Activity
Print, exactly as written, the line in the entries below that contains "솔로지옥4, 언제 어디서 볼 수 있었을까?" and every line after it up to and including the last. Omit pictures.

[Dataset items]

══════════

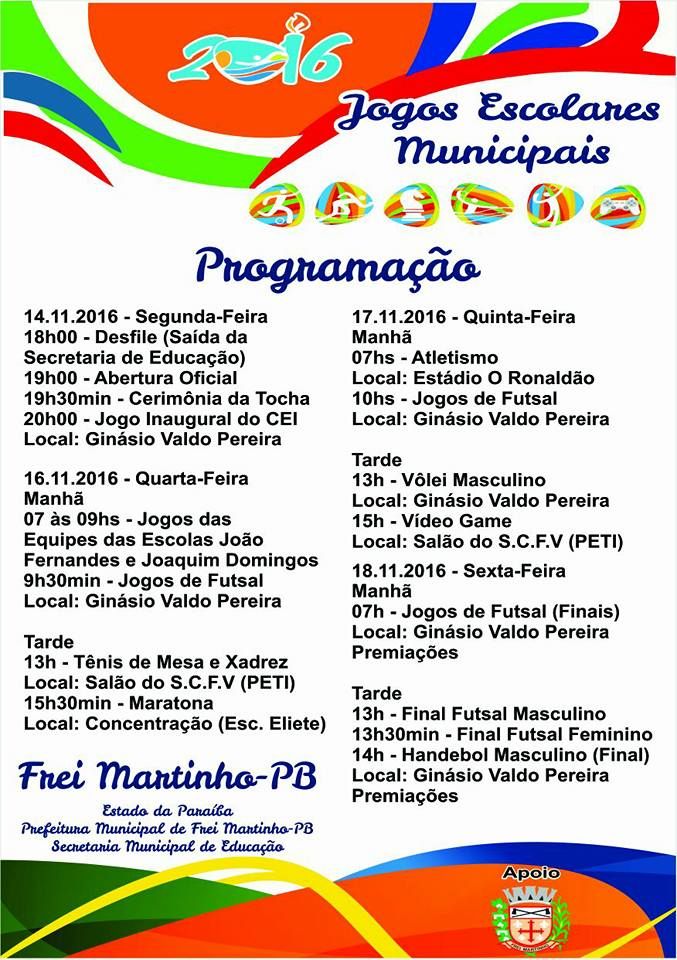 As Secretarias de Educação, Esporte, Cultura e Lazer em parceria com a Prefeitura Municipal promovem nesta semana (14 a 18/11) os Jogos Escolares Municipais 2016. O Evento que é uma tradição no município tem como objetivo incentivar a prática do esporte nas diversas modalidades entre os estudantes da Rede Municipal de Ensino. Muitos desses alunos já foram destaque no cenário estadual e nacional. Podemos citar como exemplo, Carlos Anderson, Jeane Cristina entre outros que despertaram para a prática do esporte enquanto eram alunos da rede municipal e hoje são referências para as crianças e jovens do município.
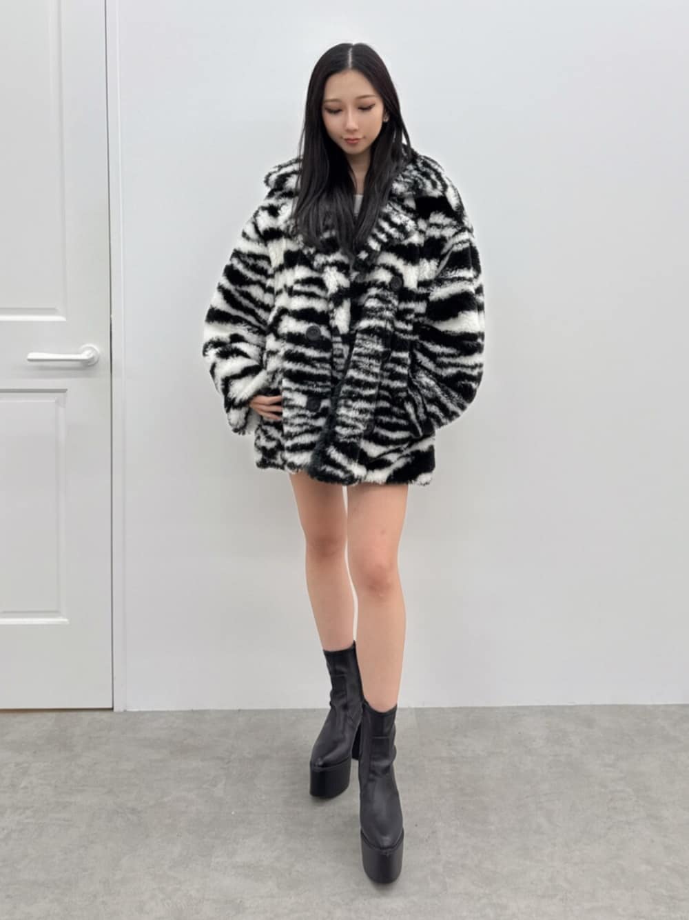 「アウター」 ゼブラ柄で1着目でコーデのアクセントになるボアのロングコート♡♡ モコモコで暖かくゆったりしてるので中にもかなり着込めます💕 中にはビンテージスカートにビジューがついている新作のスカートをINしています❤︎ ちらっと見えた時にビジューが光って可愛いです! 【シューズ】 23.5cmでMsize着用です! ヒール高めですが高低差少なく安定感もあるので足も疲れにくく歩きやすいです!!
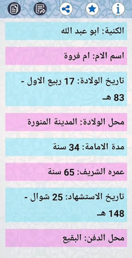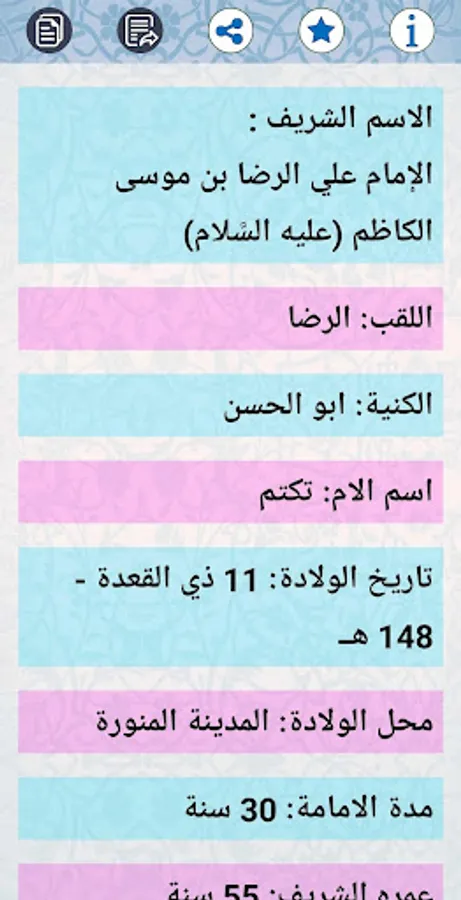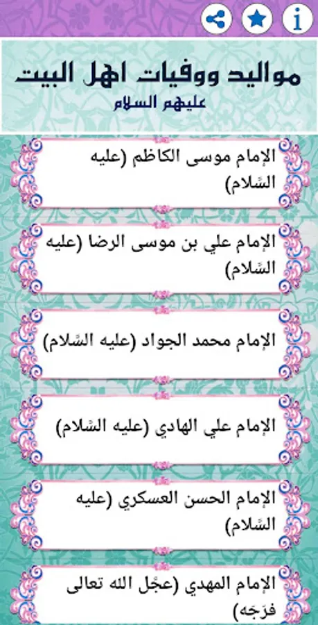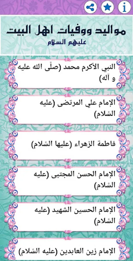 The application contains details regarding the births and deaths of the infallible imams and other details such as the place of birth and the exact dates of births and deaths.
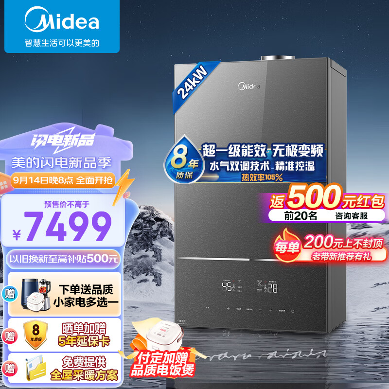 美的(Midea)超一级能效玻璃屏无极变频水气双调冷凝燃气壁挂炉天然气供暖采暖锅炉以旧换新LL1PBD24-HNM1价格:7999.00元!
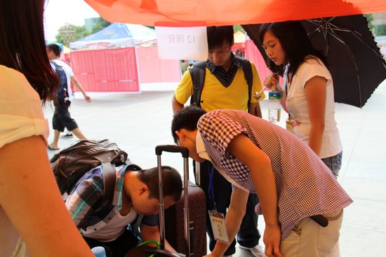 校园里迎新工作如火如荼进行,到处都是忙碌的身影。当新生们坐着校车到达学院报到处,学院就有一位对口班的学长或学姐迎上去,主动帮着拎行李,全程指导陪伴新生办理入学手续、领军训服装,带领新生去寝室,并在路途中细心的解答新生的问题,传授一些生活经验。
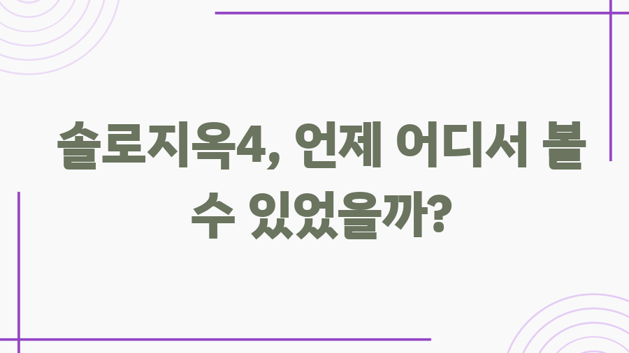 솔로지옥4, 언제 어디서 볼 수 있었을까?
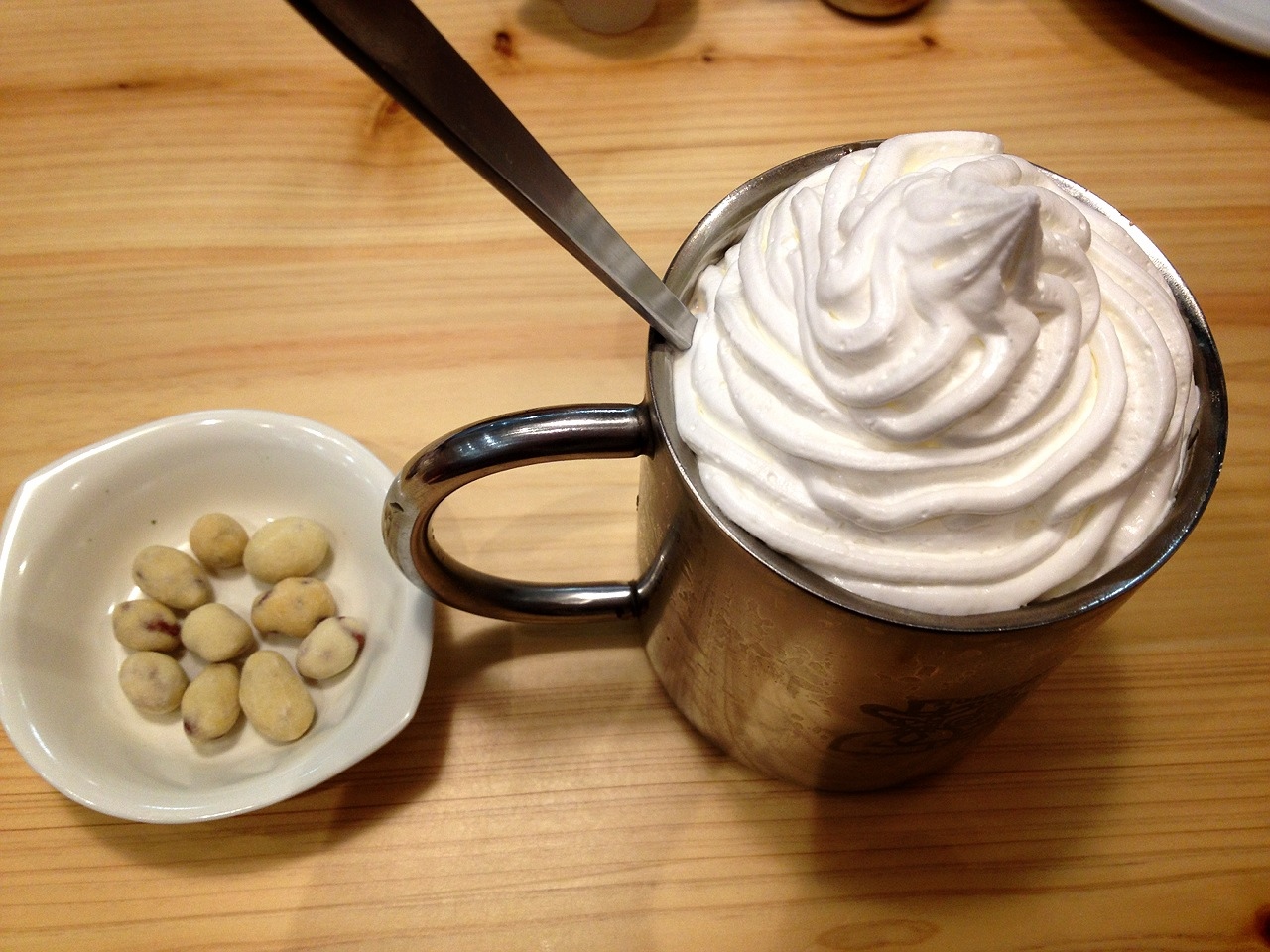 ガムシロップは一応別添えにしてもらいました。この生クリームは程よい甘さで好き。コーヒーの苦味とマッチしてます。

══════════

Answer
 솔로지옥4, 언제 어디서 볼 수 있었을까?
 ガムシロップは一応別添えにしてもらいました。この生クリームは程よい甘さで好き。コーヒーの苦味とマッチしてます。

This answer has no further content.